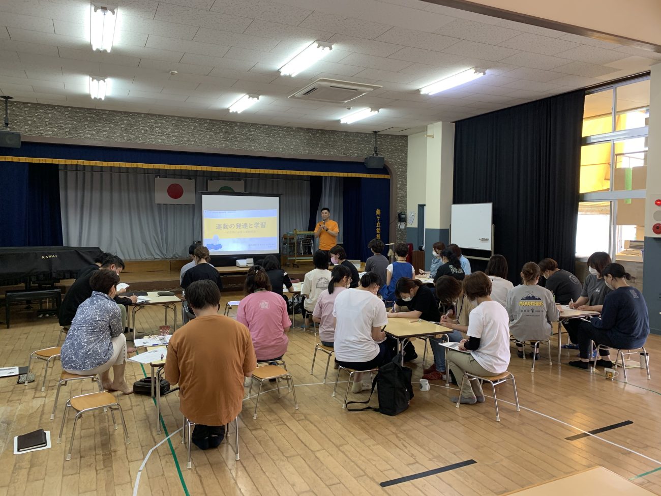 6/19(土)園内研修「リトミックの動きから見る運動発達」を行いました。講師として竹原亮紀さんをお招きし、参加者は錦ヶ丘保育園・認定こども園錦ヶ丘・まふぃん(上之園・錦ヶ丘)の職員でした。4施設揃うと人数も多く、密を避けるため二部構成・常時換気で行いました。
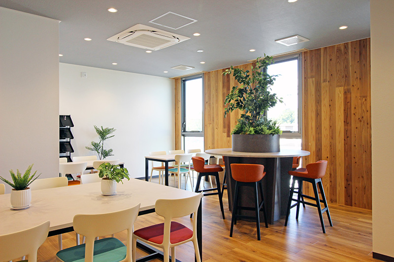 の温もりと地域の魅力を感じられる空間に仕上げました。創エネとしても太陽光パネルを設置し『ZEB』の認証を取得。
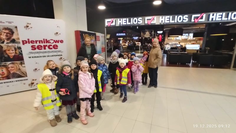 Dnia 19 grudnia dzieci z grupy „Tygryski” , „Kubusie”i „Sowy” wybrały się do kina na film familijny pt. „Mysz- Masz na Święta”. Dzieci z zaciekawieniem obejrzały cały film, nie zabrakło śmiechu i wzruszenia. Po powrocie przedszkolaki podzieliły się swoimi odczuciami- myszka- jedna z głównych bohaterów skradła nie jedno przedszkolne serduszko.
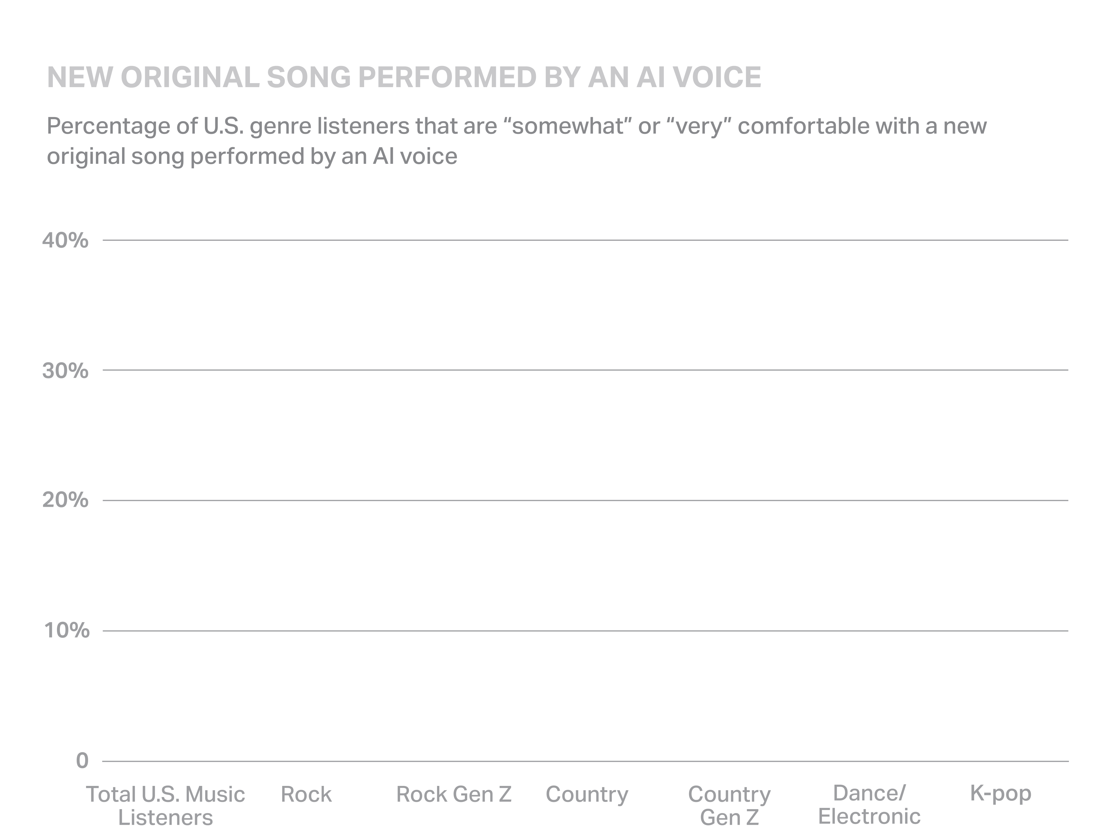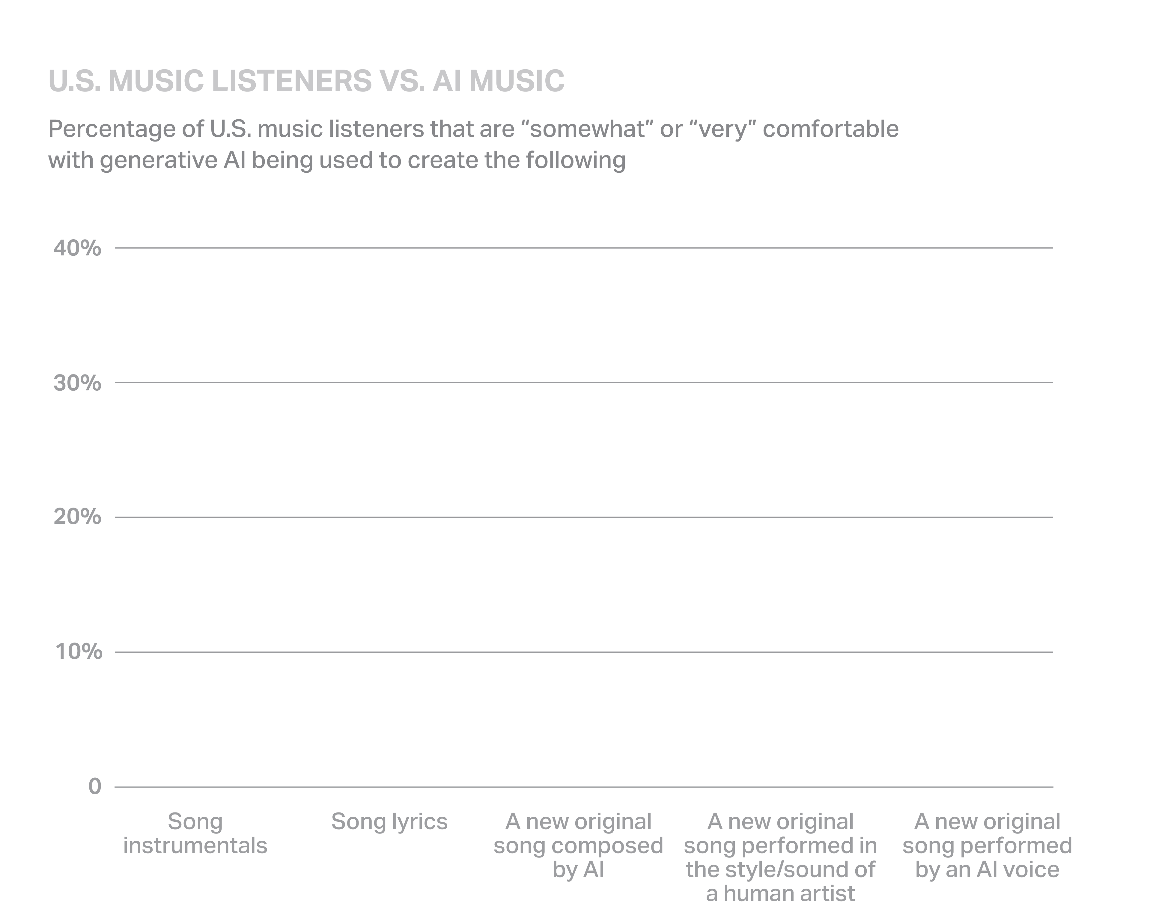 1 in 3 U.S. music listeners report being “somewhat” or “very” comfortable with the use of generative AI to create song instrumentals, with younger music listeners showing higher

____

AIM OF THE EXERCISE →
Copy exactly, and only, the lines from the first line of the material through the line that contains "の温もりと地域の魅力を感じら", both ends kept; no pictures.

OUTPUT FOR THIS TASK →
 6/19(土)園内研修「リトミックの動きから見る運動発達」を行いました。講師として竹原亮紀さんをお招きし、参加者は錦ヶ丘保育園・認定こども園錦ヶ丘・まふぃん(上之園・錦ヶ丘)の職員でした。4施設揃うと人数も多く、密を避けるため二部構成・常時換気で行いました。
 の温もりと地域の魅力を感じられる空間に仕上げました。創エネとしても太陽光パネルを設置し『ZEB』の認証を取得。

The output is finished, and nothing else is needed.